I’m in awe of the things leaders are doing to reach out to their stakeholders. They’re reaching out with simple emails saying “How’s everyone doing?” Holding virtual lunches. Acknowledging the stress of this difficult time and encouraging people to be forgiving of themselves and each other. Spotlighting great work. Mobilizing support for team members in need. One of my clients holds a “Daily 10:15,” a quick virtual staff meeting at 10:15 each morning to connect and strategize for the day ahead. One of my state’s candidates for governor has retooled his campaign machine into a COVID-19 response team for citizens throughout the state.
Again, my client at Windmill did a beautiful job of extending care in that same letter to staff:
“As we end this week, I want to reach out and share my joy with you at some of your work and accomplishments this week….
In closing, our physical health and our mental health are our most precious commodities. Please look after yours and your families’. If you need to adjust your work or need access to any services, please reach out. We have a benefits plan and paid time off that are there for you when you need it. We can only help our clients and one another when we are healthy, so please look after yourselves.

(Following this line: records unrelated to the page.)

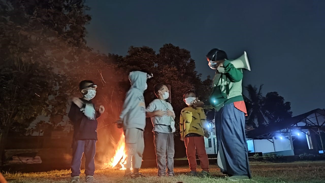 Selesai melakukan kegiatan outbound higt impact, teman-teman melaksanakan shalat ashar dan snack, lalu dilanjut dengan kegiatan outbound low impact yaitu bermain pipa berlubang. Crocodile tunel dan diakhiri dengan main air di selokan (yang terakhir ini bonus ya, karena tidak ada diroundoun acara). Selesai melaksanakan kegiatan outbound teman-teman diminta untuk mandi dan persiapan shalat maghrib, sambil menunggu adzan maghrib teman-teman mendengarkan story telling dari salah satu Pencerita keren kita (Mrs. Desi ulala), lalu melaksanakan shalat maghrib berjamaah di lapangan yang penuh dengan lampion.
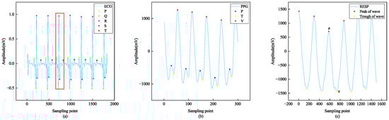 Additionally, it can calculate the minimum position between peaks and troughs to divide complete single-period PPG signals that encompass P waves, V waves, and starting and ending points. The RESP signal contains a single peak point, which can be identified where its derivative is zero or near zero if not precisely zero. Derivative methods are employed to locate both peaks and troughs within a RESP signal waveform segment. After segmenting a single periodic signal waveform, individual waveform complexes representing ECG, PPG, and RESP were generated, respectively. Figure 7 illustrates these results.
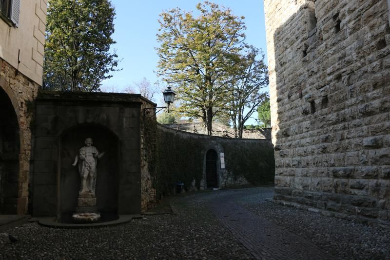 Buraya çok yakın konumdaki Sant'Allesandro Katedrali dışarıdan oldukça sade ve mütevazi görünse de içi büyüleyici. Özellikle yanlarında 2 tane melek heykeli duran sunağın arka tarafında yer alan yedi tane yağlıboya tablo oldukça gösterişli.17. Yüzyıl’da mimar Vincenzo Scamozzi tarafından yapımına başlanan Nuovo Sarayı, ancak 1926'da tamamlanmış. Günümüzde kütüphane olarak hizmet veren bina Angelo Mai Kütüphanesi olarak anılıyor ve halen kullanımda.
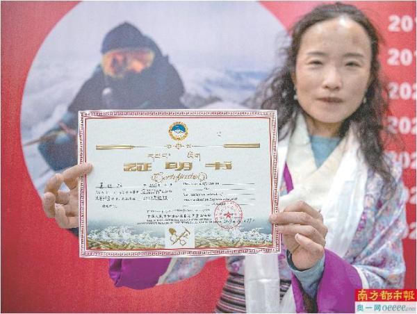 董红娟展示希夏邦马峰登顶证书(4月29日摄)。
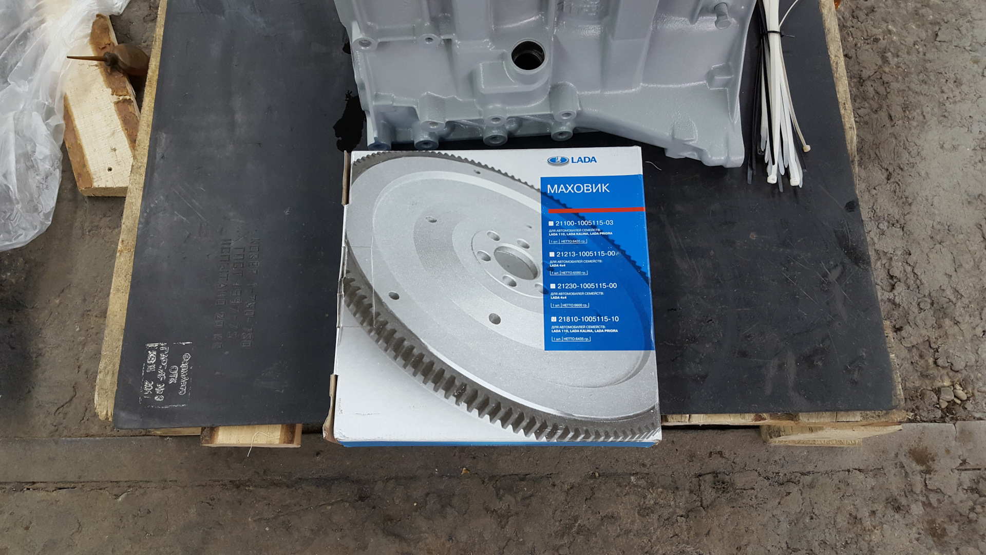Маховик, который стоял на купленном двигателе, был под тросовую КПП, соответственно венец был с другой стороны маховика. Это открытие я сделал для себя, сравнивая родной маховик (2181-1005115) со старым маховиком (2110-1005115) с моей восьмёрки. Поскольку с данным маховиком я раньше не сталкивался, то позвонил знакомому мотористу, дабы он развеял мои сомнения. Собственно, он подтвердил мои предположения.

And thanks for being such a great team. I truly feel blessed to work with each of you and look forward to the time when we can be together in person again. In the meantime, thank you for living Windmill values so well each day.”
The creativity and commitment I see from business and community leaders is giving so much hope and comfort to so many.
What about you?
Normally in this section of my posts, I offer questions for your reflection. But I’m hoping that you will share your experiences, discoveries and strategies in leading through crisis. I also hope you’ll share your struggles and questions. I’d love to update this post with your input.
In the meantime, please take care. Remember to return to the quiet eye of the hurricane to get your bearings. And for all that you’re doing and shouldering, thank you. Please let me know if I can help.